The Website of Team 14.
Above: Tall Boi next to his 3rd place trophy
Tall boi may not be the most elegant robot, but he is very smart! Tall Boi is outfitted with almost entirely default materials provided by ECE 3400, and is very capable with just those pieces! You can see where our robot, Tall Boi, gets his name! Three tiers of electrical engineering effectiveness brings his stature to quite a height. This was so he could perform all of the all of the key features outlined in the ECE 3400 Course Description, 2018, listed below.
Start signal: Starts when it hears a 660 Hz audio tone (using FFT).
Line following: Follows a white line (~2 cm across) on a dark surface. Detects intersections where perpendicular white lines cross.
Wall detection: Detects walls at intersections in front, to the left, and to the right
Maze solving: Keeps track of where it has been and uses Dijkstra’s algorithm to find the fastest path to unexplored territory.
Treasure detection: Detects treasures on right hand walls at intersections.

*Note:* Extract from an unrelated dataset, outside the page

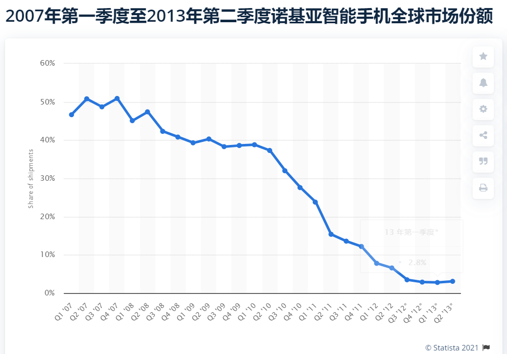 与此同时,因易碎、无键盘而被诺基亚瞧不上的苹果手机销量猛增330%,三星、HTC、LG、摩托罗拉等手机厂商放弃塞班系统,投奔成立不久的安卓(Android)手机阵营。2009年成为诺基亚手机的分水岭,此后几年,诺基亚手机份额如“自由落体”般下坠。

Radio communication: Sends maze data to an Arduino base station to update the ECE 3400 GUI.
Robot detection: Avoids collisions with other robots wearing standard ECE 3400 IR Hats (detected using FFT).
To see our robot’s abilities in action, check out our robot’s performance during the final competition. Unfortunately, the competition does not show off our robot’s treasure detection abilities very well, but we have demos of treasure detection in action here.

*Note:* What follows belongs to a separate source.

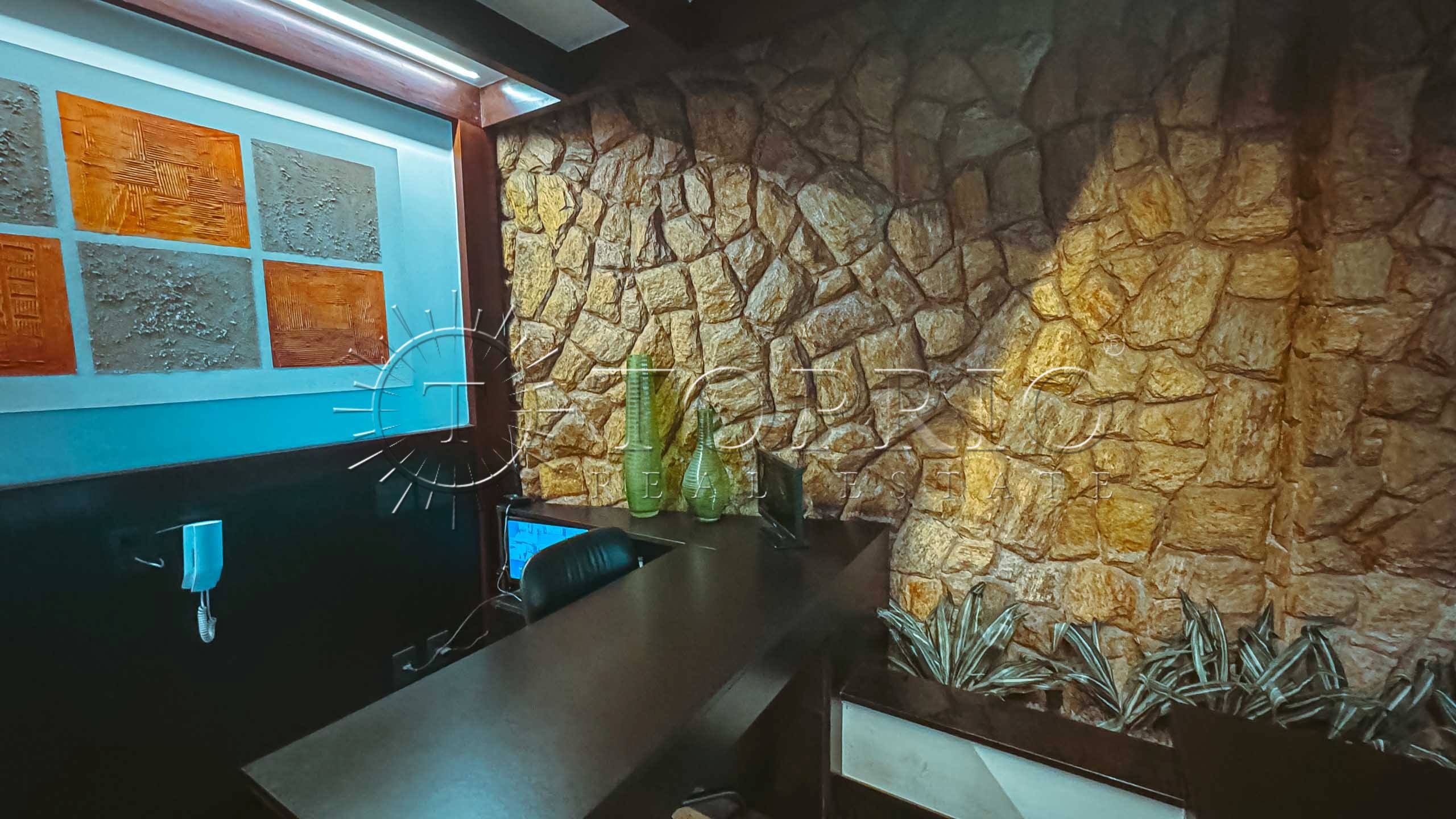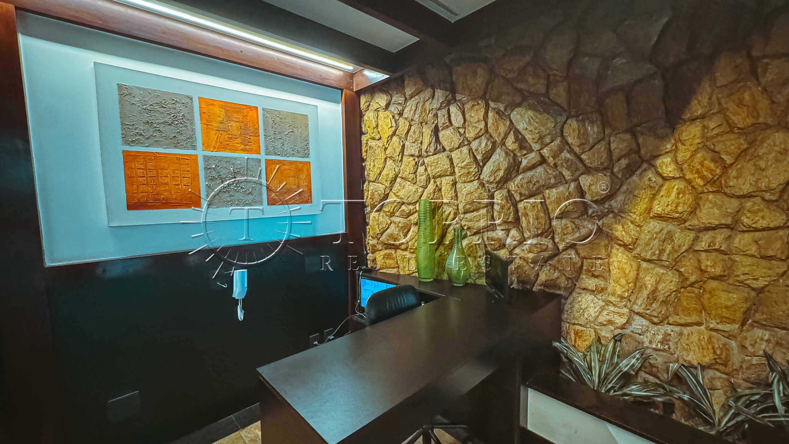 Na sequência, a área íntima apresenta 2 quartos, sendo 1 suíte, todos com armários embutidos, ar-condicionado e projeto luminotécnico. Por conseguinte, um banheiro social atende tanto os quartos quanto a área social, garantindo funcionalidade e praticidade.

The base station has its own Nordic nRF24L01+ radio and Arduino Genuino Uno for updating the GUI (an interface provided by the 3400 staff).
Everything is mounted to three main chassis plates, supported by struts, nuts, and bolts, hot glue, tape, and anything else to hold it together (including the sweat and tears of the invested Elevation Team).
Total Cost (based on 3400 cost guidelines): $89
Tall Boi can track lines and intersections with great accuracy (if batteries are propery fueled), sense walls on three sides for maze mapping, detect a 660Hz audio start signal, detect other robots’ IR signals, and detect treasure color and location. In terms of software, it uses wall sensor information in a search algorithm for navigation the maze, performs fast Fourier transform algorithms to detect audio and IR signal frequencies, transmits maze data to a base station over radio frequency communication, and adapts to detected robots in its vicinity.
After building the robot throughout the semester and having it compete in the competition, some of the main flaws in the design became clear, some more significant than others:
The audio start signal was slightly too sensitive, causing the robot to have multiple false starts in the competition environment. This could easily have been fixed in software by setting a higher threshold for the input signal from the microphone circuit to trigger a detection.
Our robot suffered from movement problems in the competition environment. This included violent shaking on rough or dirty surfaces as well as getting stuck on elevated surfaces. This was because the lower chassis on our robot was positioned very close to the ground, causing the robot to either continuoulsy run it’s front line sensors into the ground or get stuck with it’s wheels above the ground. Since we were mainly focusing on getting all of the required features onto the robot by the end of the semester, we did not give ourselves a lot of time for signficant hardware changes. Our robot may have benefitted from an effort to create custom hardware through 3D printing or PCB milling to make a more stable and compact robot.
While our robot was mostly good at detection intersections, it missed them enough that the robot could never get through a full 9x9 maze accurately. This could be due to a few issues. Our main line sensors were off-center, which meant that our robot left intersectios at an angle. If the robot is off-center and trying to correct its position near an intersection, the robot has a good chance of missing the intersection and possibly making an accidental turn. Another cause of intersection misses may have been from software timing. The robot runs FFT algorithms and reads sensor inputs while moving between intersections, and running a complex algorithm like FFT while on an intersection may have contributed to some misses. Overall, we may have benefitted from more rigourosly testing our robot’s intersection detection abilities and making either software or hardware changes to improve accuracy.
While we do not complelety consider this a flaw, our robot was not prepared to detect most of the treasures placed in the competition mazes. Our robot was designed to detect tresures on right-hand walls after going forward, when the robot was aligned with the wall, but competition treasures were mostly placed at dead ends. Detecting a treasure at the end of an alley meant that our robot would have to turn 90 degrees to detect it, which it could not do accurately because of offset line sensors mentioned above. If we had known that treasures would only be placed on corners or alleys only, we could have put the camera on the front of the robot and had more success during the competition.